I
don't usually give in to road rage. I mean, I scream a lot in my
car, explaining to oblivious drivers what idiots they are, but I've
never gotten myself into a confrontation before. It was close
yesterday. Good thing OYT and his sweet, quirky personality was
along.
To
begin with, I wasn't happy about the errand, and it was getting close
to rush hour (yes, our small town has one, on this particular street
we were traveling.) Traffic is S L O W. I have no idea why it's all
plugged up, but as I get cut off by someone who thinks it's really
important to be one more car further along, OYT says,
“How
about a fun factoid to distract you?”
“Um,
OK Sheldon, go ahead.”
“Did
you know that womens' tear ducts are shaped differently than mens',
so that their tears will roll prettily down their cheeks while a
man's tear will roll discreetly down the side of their nose?”
“Why
no, I didn't know that. That's a good one. WHERE did you learn
that?”
Unlike
most fun facts he shares, I'm not thinking this one was from
Mythbusters...
“It's
(name of YouTube channel – I can't keep up, the subscribe to so
many.)”
“Cool.
Got anymore?”
“Yes,
but I'll save for the next time some idiot pisses you off.”
That
didn't take long. By now we can see that it's down to one lane (in
each direction). I move over, but many cars just keep driving.

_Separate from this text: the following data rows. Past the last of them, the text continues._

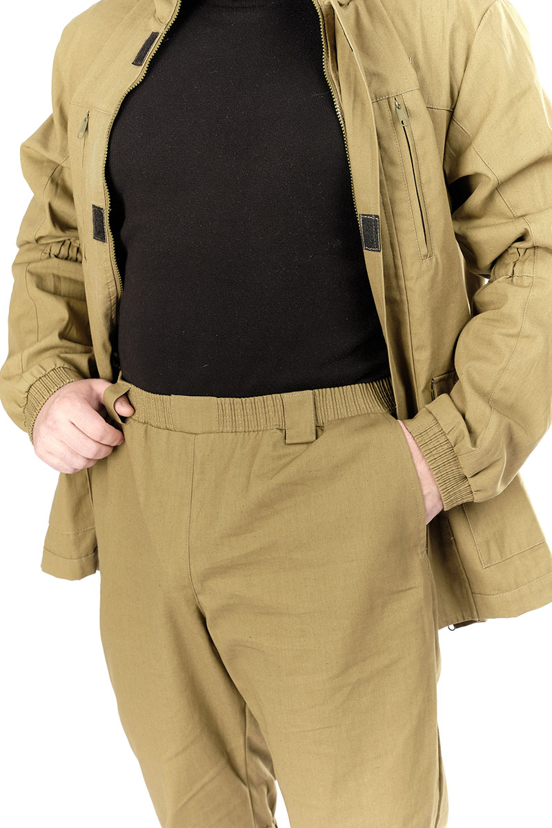 Брюки костюма Gorka Light оснащены широким поясом с шлевками, которые позволяют носить их комфортно и надежно на талии. Утягивающие резинки на рукавах и штанах, включая сгибы суставов, обеспечивают плотную посадку и защиту от проникновения насекомых.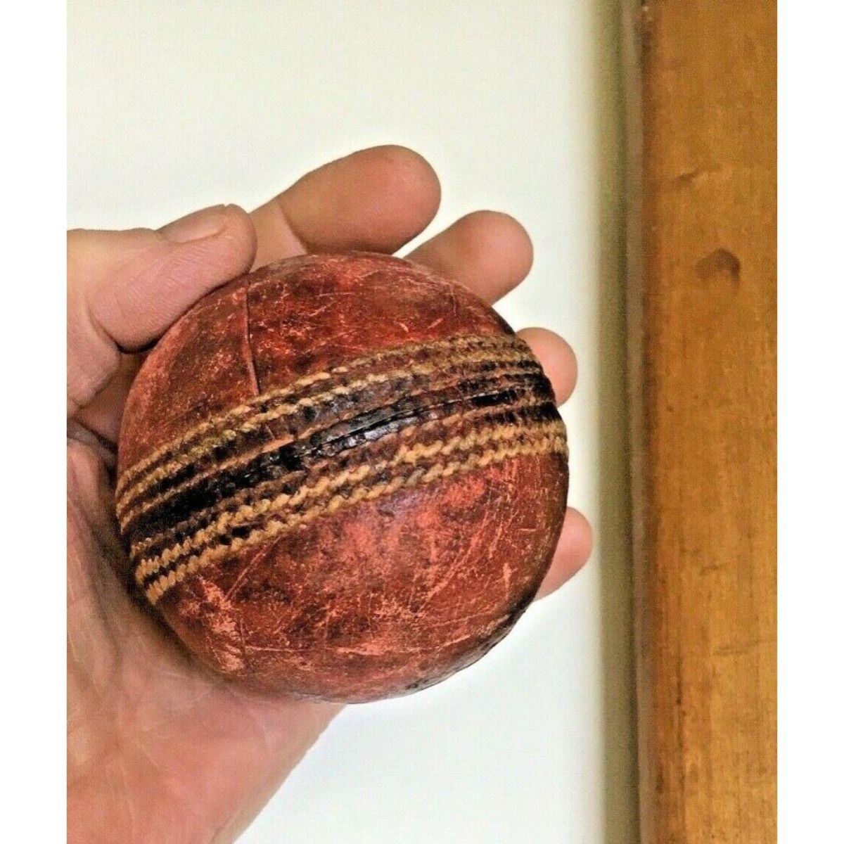 Antique Les Berry MODEL Leicestershire C.C.C.England Cricket Bat / Paddle & Ball. * crack at the end of the paddle & separation of material at the handle, for decorative purposes. 33 1/2" L X 4 1/2" W paddle.Â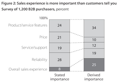 In a survey, McKinsey asked 1,200 B2B purchasers what drove their purchasing decisions. “Overall sales experience” emerged as the least important category. We then asked the same customers to rate their suppliers’ performance and also asked for each supplier’s share of their business. Correlating supplier performance with actual purchases revealed a startlingly different picture: sales experience was three times more important than stated. (Figure 2)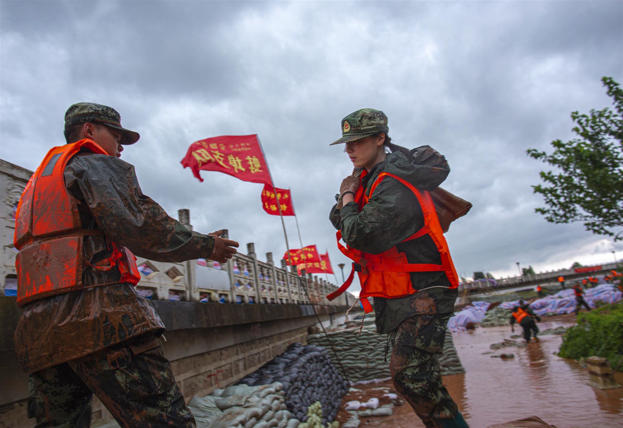 7月20日,樅陽(yáng)縣持續(xù)大暴雨,長(zhǎng)河水位直逼壩頂,防汛抗洪壓力增大?!岸嗫敢粋€(gè)沙袋,就有可能多一份勝機(jī)!”張璐明卸下軍醫(yī)背囊,直奔?jí)雾斂钙鹆松嘲?。?jīng)過(guò)6小時(shí)的戰(zhàn)斗,官兵們加高加固防洪墻近千米,圓滿完成任務(wù)。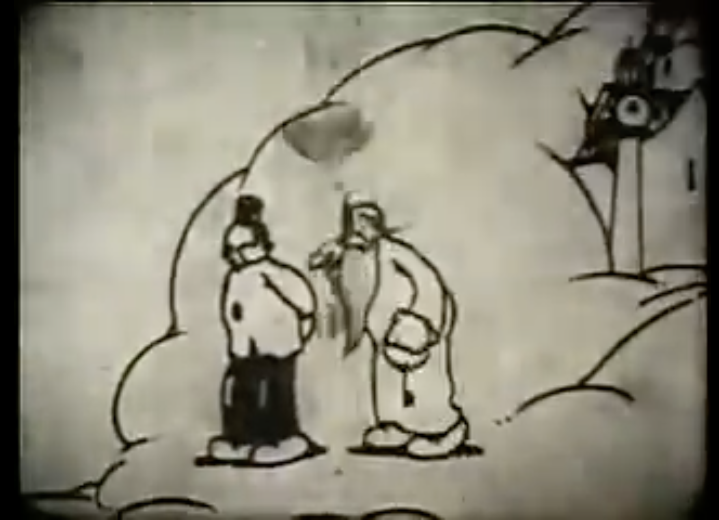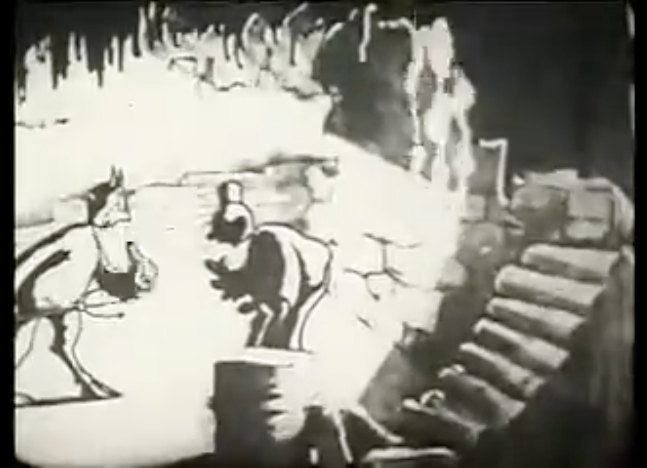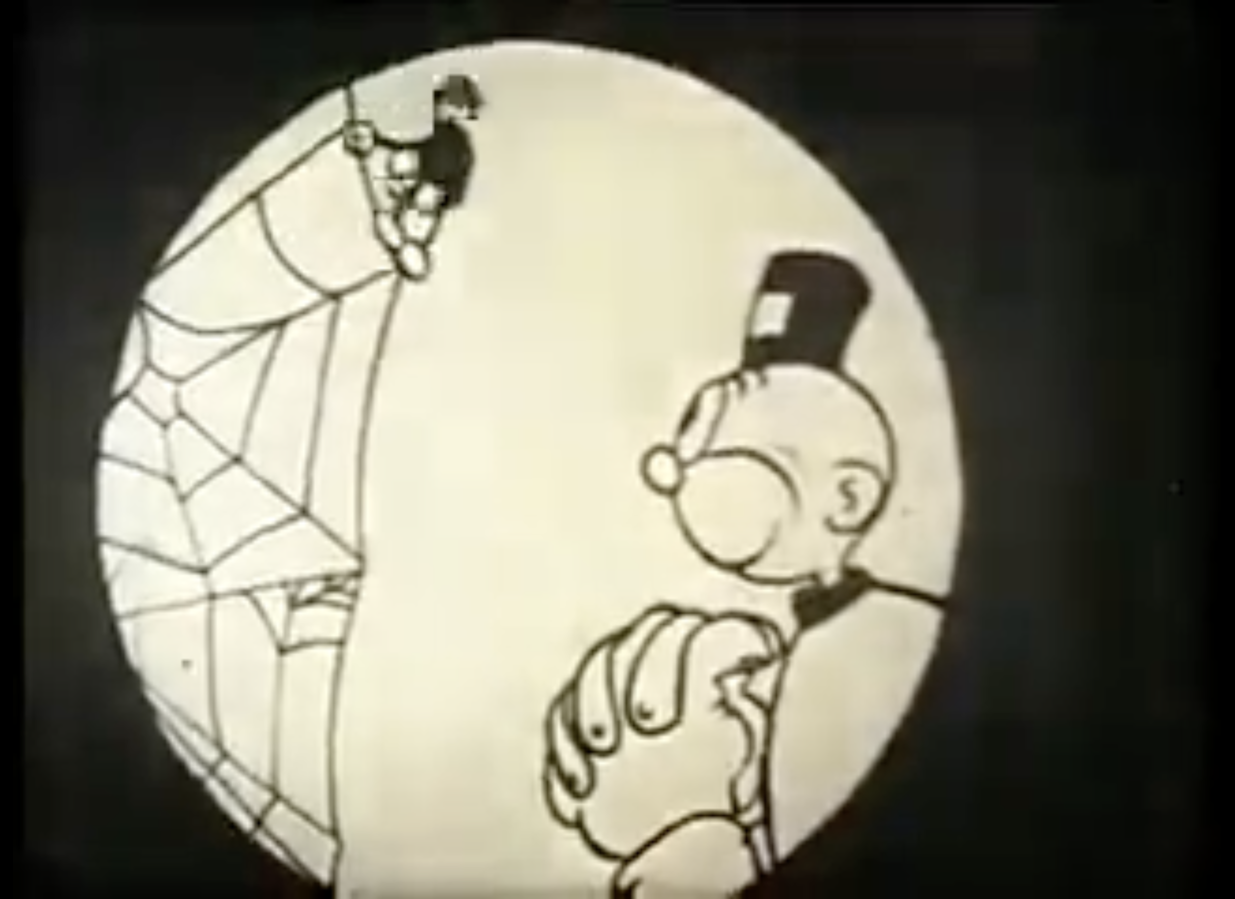 The improvements in La Cava’s studio’s animations are notable in The Spider and the Fly (1917) and The Breath of a Nation (1919), which I have attached links to here and in the “Filmography” section of this blog, where you can tell that La Cava and his animators studied the movement and performance of Charlie Chaplin.14 In The Spider and the Fly, directed by Bill Nolan, there is an evident change in animation and the technical interest beyond regular static movement of the drawings. The story glimmers with the sly humour and interest in human nature that La Cava became known for. Happy Hooligan, in a Bartleby-like tale, refuses to work and follows a spider who begins building a web ladder to Heaven, which he climbs, to find he is expected to work there too. Thrown down to Hell, Happy still refuses to work. The short is much more engaging than I make it sound, as you can see in the screen captures below, and what is possibly most notable about the short is the Rembrandt lighting. André Martin discusses the impressive lighting and shading of Happy’s scene in Hell, that this sequence “set the stage for all the scenes of burlesque and controlled excess which would be the hallmark of American animated film for the next fifty years.”15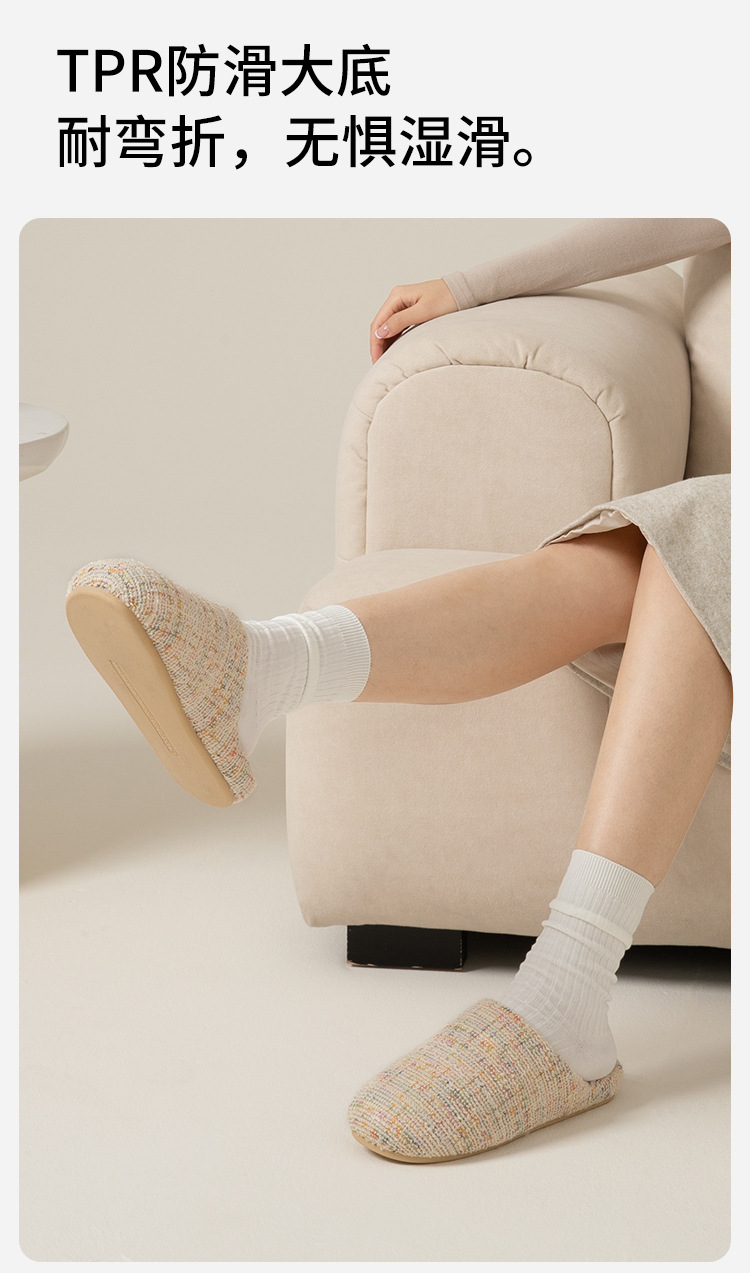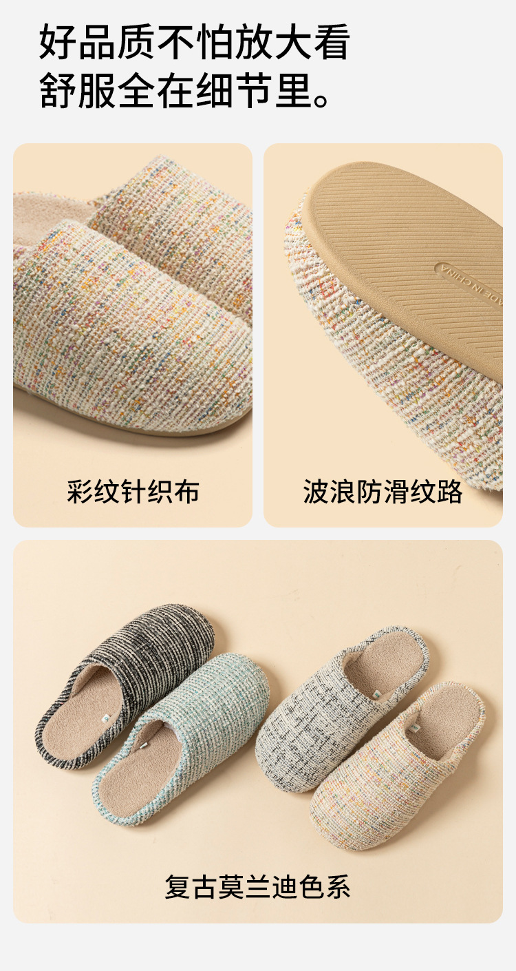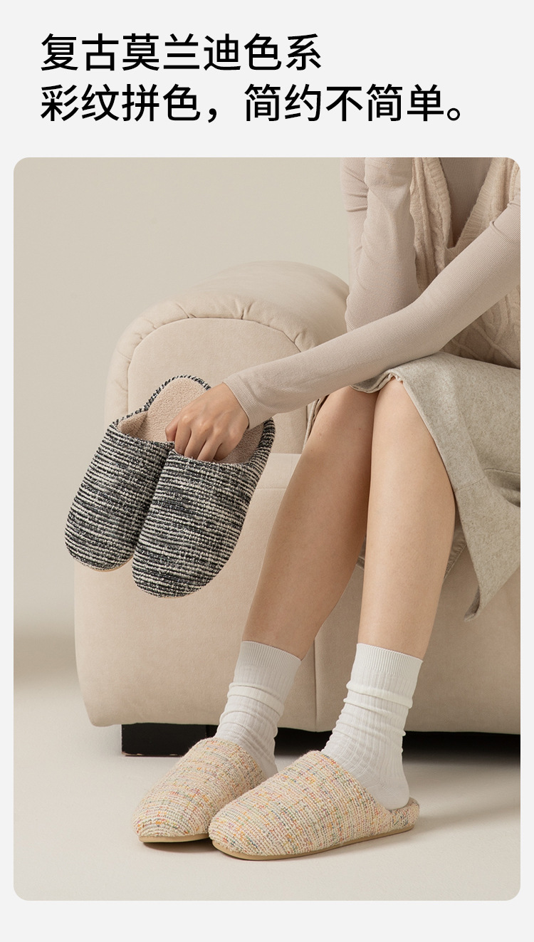 朴西知己棉拖鞋女士防滑舒适高级感地板拖鞋家居经典复古保暖拖鞋

You've seen them, they're exempt from the rules, will drive all the
way to the barricade, then barge in front of you, who planned ahead
and was already safely in the appropriate lane, and force their way
in front of you.
“If
you eat polar bear liver you'll die of vitamin A poisoning!”
That
was just in time because I've just been waiting for seven yahoos to
barge in, and some idiot is letting people turn left in front of him,
and they're almost getting hit by the CONTINUOUS stream of special
folks who've seen the yahoos and decided to join them. So we now
have idiots on all sides.
I
start to seethe, and scream, and glare. OYT starts singing “Soft
Kitty.” It's from Big Bang Theory. Sheldon' s mom used to sing it
to him when he was sick, and he makes his friends sing it to him even
though he's an “adult”.
♫Soft
kitty, warm kitty, little ball of fur. Happy kitty, sleepy kitty,
purr, purr, purrrrrr.♫
I
melt. And relax. We continue on in traffic. I've had to take some
alternate routes because the traffic signal was out at one of THE
major intersections and they decided oh so brilliantly to get their
cherry-picker trucks and block off two lanes of each major road,
direct traffic around the trucks, and fix the lights DURING RUSH
HOUR. I understand the directing traffic, absolutely necessary, but
wait until you've gotten all those people out of there first, then
bring in your equipment. Instead, you've snarled half of town.
We're
almost to our destination when we're stopped by a train. A long
train. A little hand sneaks over to my shoulder and a soft voice
starts singing again.
~Tina
P.S SMK (handy nick-name tab above) who reads all my posts, immediately had the answer to the Squirrelmageddon dilemma.
"Of course there are squirrels everywhere. We had a flood. They're looking for their families, a new home, they're running all over the place! Mystery solved.